Рис. 7.20. Скорость гидролиза хитина (роlу-NAG) лизоцимом как функция pH
5. Избирательная химическая модификация. Лизоцим сохраняет ферментативную активность, если все имеющиеся в нем карбоксильные группы, за исключением карбоксильных групп глутамата-35 и аспартата-52, подвергнуть этерификации. Остатки 35 и 52 остаются немодифицированными, если этерификацию проводят в присутствии субстрата. При удалении субстрата аспартат-52 этерифицируется (тогда как глутамат-35 остается неизменным). Модификация аспартата-52 приводит к полной инактивации фермента. Это подтверждает предположение о том, что, строгая ориентация карбоксилат-иона аспартата-52 необходима для стабилизации образующеюся в качестве промежуточного продукта иона карбония.

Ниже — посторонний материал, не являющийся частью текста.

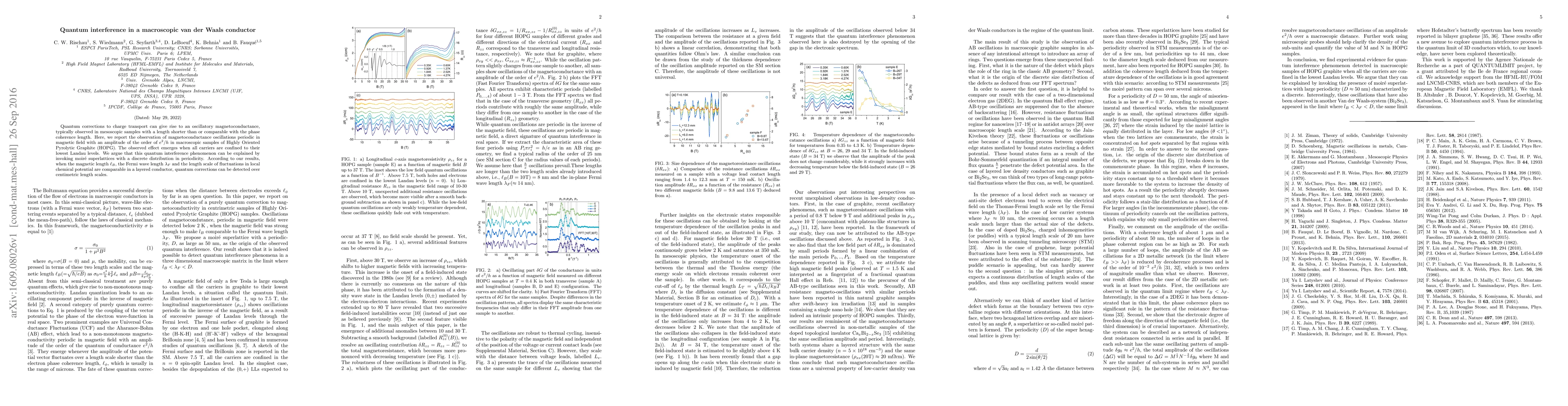 Quantum corrections to charge transport can give rise to an oscillatory magnetoconductance, typically observed in mesoscopic samples with a length shorter than or comparable with the phase coherence length. Here, we report the observation of magnetoconductance oscillations periodic in magnetic field with an amplitude of the order of $e^2/h$ in macroscopic samples of Highly Oriented Pyrolytic Graphite (HOPG). The observed effect emerges when all carriers are confined to their lowest Landau levels. We argue that this quantum interference phenomenon can be explained by invoking moir\'e superlattices with a discrete distribution in periodicity. According to our results, when the magnetic length $\ell_B$, the Fermi wave length $\lambda_F$ and the length scale of fluctuations in local chemical potential are comparable in a layered conductor, quantum corrections can be detected over centimetric length scales.
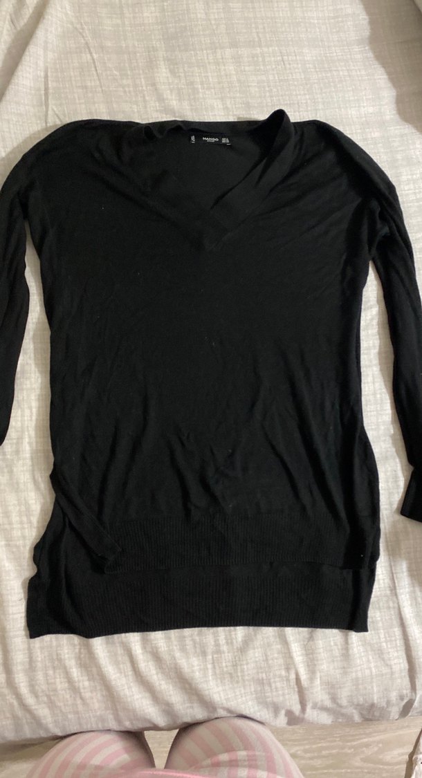 Siyah V Yaka Uzun Kollu Rahat Kesim Kadın Triko
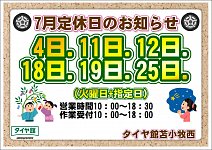 7月定休日のお知らせ
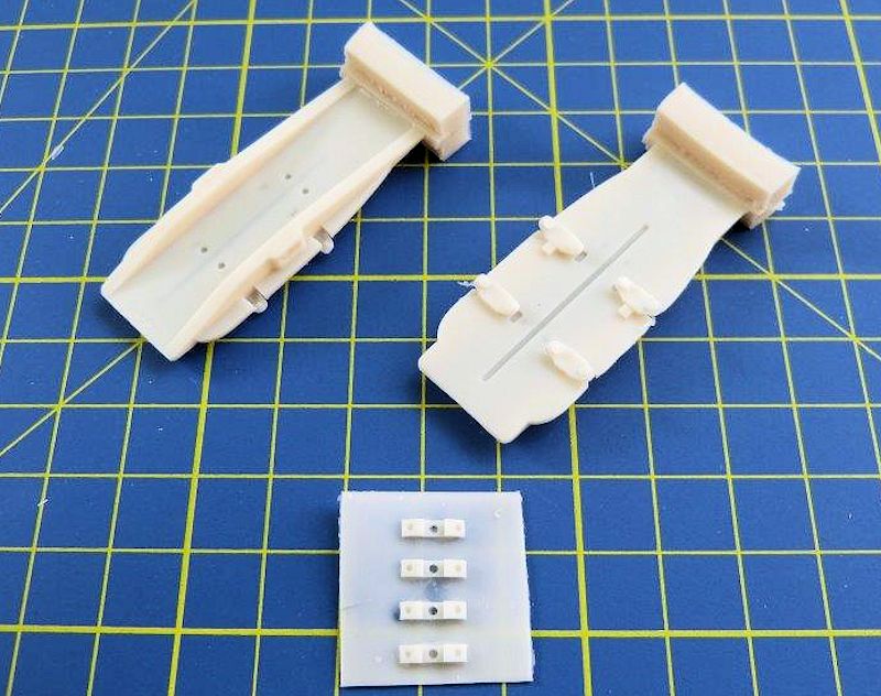 Die durchsichtige Klapp box beinhaltet zwei Stück dieses Bombenträgers. Zusätzlich liegen der Schachtel noch die Aufhängungspunkte für die Tragfläche bei. Diese sind in einer Resinplatte gegossen worden und aus dieser zu entfernen. Dies sollte aber kein Problem darrstellen. Auch die Bombenträger gilt es, mit Hilfe einer Modellbausäge von den Angüssen zu befreien. Der Resinguss ist gut gelungen. Eine kleine Bauanleitung unterstützt beim Zusammenbau. Farbangaben fehlen.

6. Трансгликозилирование. При добавлении к лизоциму тетра-NАG происходит медленное образование гекса-NАG и ди- NАG (рис. 7.21). Существование этой реакции, называемой трансгликозилированием, подтверждает наличие одного из важных элементов предложенного механизма ферментативной реакции, а именно образования в качестве промежуточного продукта комплекса гликозил — фермент.
Рис. 7.21. Существование промежуточного продукта гликозил- фермент подтверждается способностью лизоцима катализировать, хотя и медленно, реакцию трапа ликозилирования, NАG4 (показан красным) соединяется с промежуточным продуктом гликозил фермент (показан синим на рис. Б), и в результате образуется NAG6
При обычных гидролитических реакциях этот промежуточный продукт реагирует с ОН-. При трансгликозилировании в реакции используется вторая молекула углевода: ROH. Реакция трансгликозилирования специфична, так как акцептор связывается в участках Е и F в щели активного центра. Более того, образующаяся гликозидная связь имеет β-конфигурацию, как и в субстрате. Таким образом, эти данные подтверждают правильность предполагаемой формы промежуточного продукта катализа.